◆ **Exercise objective**
Pictures excluded, return the lines below from the first through the line holding "A group of tourists".

Collected data entries:
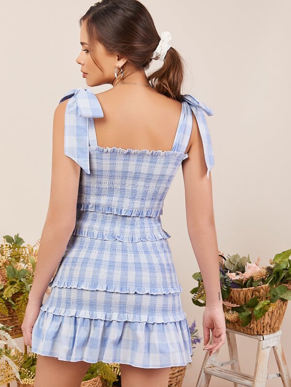 - Shopping Tie strap smocked mini dress
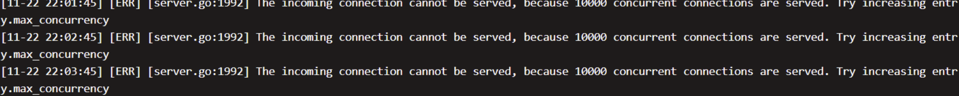 在网关配置文件中,默认有最大并发连接数限制,默认最大 10000。
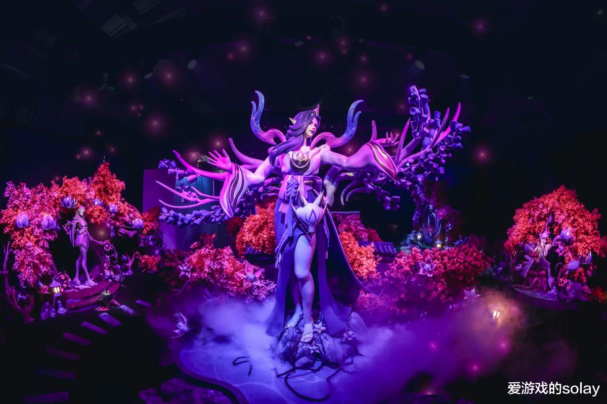 待正式进入生日会的会场,虚拟与现实的壁垒仿佛在那一刻被击碎:一尊巨型的“圣堂 灵魂莲华 莫甘娜”雕像映入眼帘!睥睨众人的莫甘娜,甚至隐隐约约能感受到这位堕落天使的压迫感。
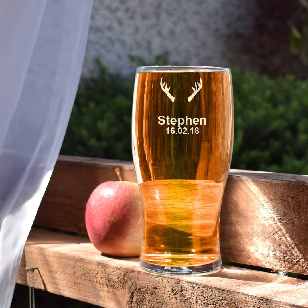 A personalised Pint glass with stag antlers.
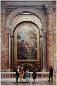 A group of tourists observes a historic painting in a grand Rome art museum.
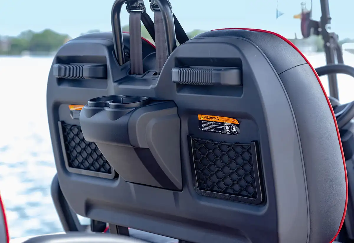 A: The E40FX includes a 10.1″ touchscreen display, USB ports, a wireless charging pad, pre-wired 12V switches, and an optional marine-grade sound system.

◆ **Answer to this task**
 - Shopping Tie strap smocked mini dress
 在网关配置文件中,默认有最大并发连接数限制,默认最大 10000。
 待正式进入生日会的会场,虚拟与现实的壁垒仿佛在那一刻被击碎:一尊巨型的“圣堂 灵魂莲华 莫甘娜”雕像映入眼帘!睥睨众人的莫甘娜,甚至隐隐约约能感受到这位堕落天使的压迫感。
 A personalised Pint glass with stag antlers.
 A group of tourists observes a historic painting in a grand Rome art museum.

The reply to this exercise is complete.